The MPi 69 appeared in 1969 for military export and commercial sale, marketed as simply the "Steyr Submachine Gun". The weapon was originally delivered as standard armament on the SK-105 Kürassier light tank, but was reassigned to the Jagdkommando some time after. In 1981, a modified variant known as the MPi 81 was introduced; it was discontinued in 1990 when the Steyr TMP was introduced.[1]

Design DetailsEdit

The MPi 69 is an Uzi-styled submachine gun feeding from 25- or 32-round detachable box magazines inserted into the grip. The MPi 69 is unique that the charging handle of the weapon also acts as the front sling attachment point, so the weapon can be charged by simply yanking the weapon away from them, provided a sling is attached. The later MPi 81 however ditches this feature entirely, instead opting for a normal side-mounted charging handle instead.[2]

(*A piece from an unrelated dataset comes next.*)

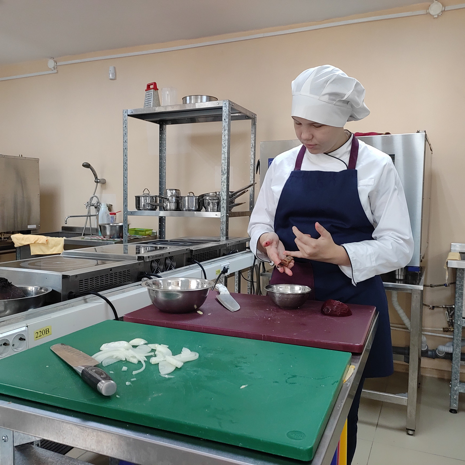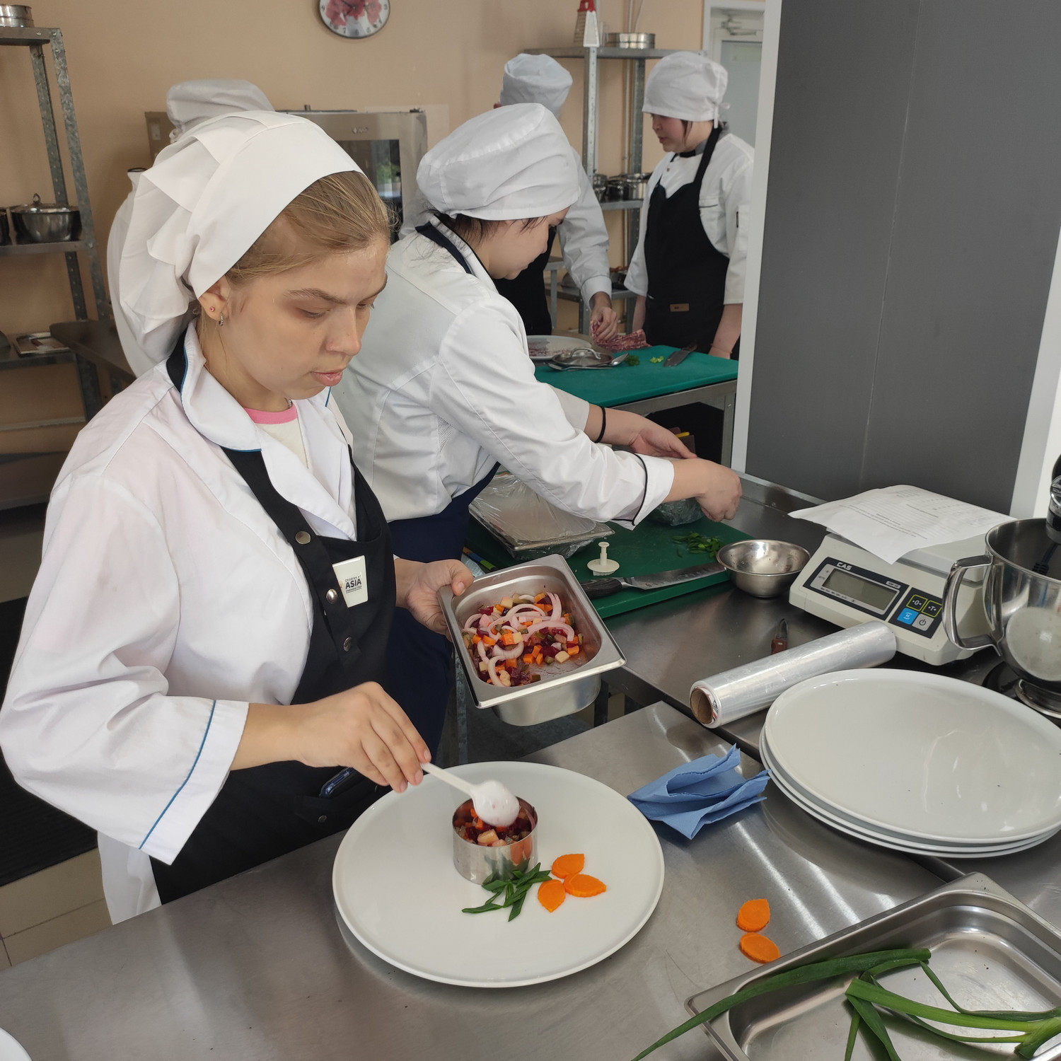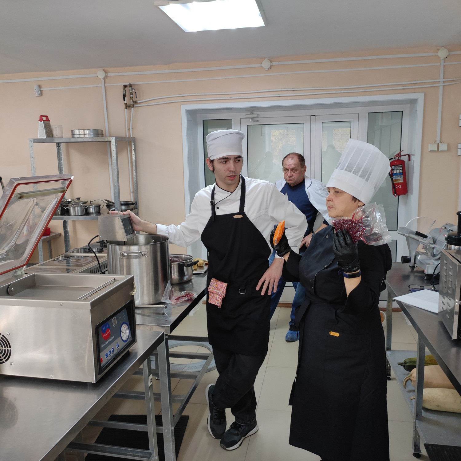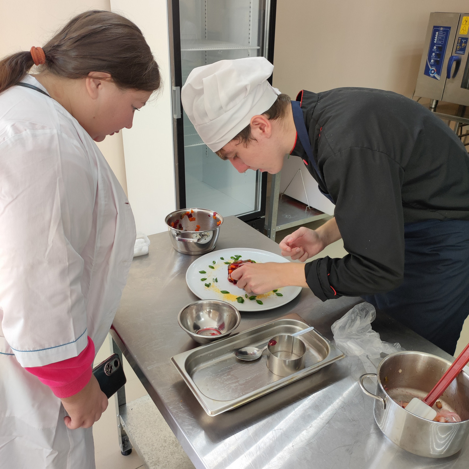У родителей была возможность погрузиться в образовательную атмосферу, понаблюдать за учебным процессом, узнать особенности профессионального кухонного оборудования, с помощью которого уже с лёгкостью умеют работать их дети. Студенты готовили винегрет по новой технологии, и у родителей была возможность не только посмотреть за этим процессом и продегустировать готовые блюда, но и стать членами комиссии и рассказать свои впечатления о новой технологии. Эти данные студенты используют для своего проекта.

The weapon's receiver is made of bent and welded sheet steel and is carried in a steel frame unit with a molded nylon covering. The weapon itself has a wraparound bolt similar to that of an Uzi. A bracket is mounted on the top of the charging handle, which ensures that the charging handle can only be moved when the attached sling is held at a right-hand angle to that of the receiver. A crossbolt safety is also present which also acts as the fire selector; the weapon is noted as having a two-stage trigger similar to that on the Steyr AUG.[3]


MPi 81

Modernized variant with side-mounted charging handle.

A port firing version is also said to exist. It is said to be fitted with a longer barrel and the Swarovski optic from a Steyr AUG.[4]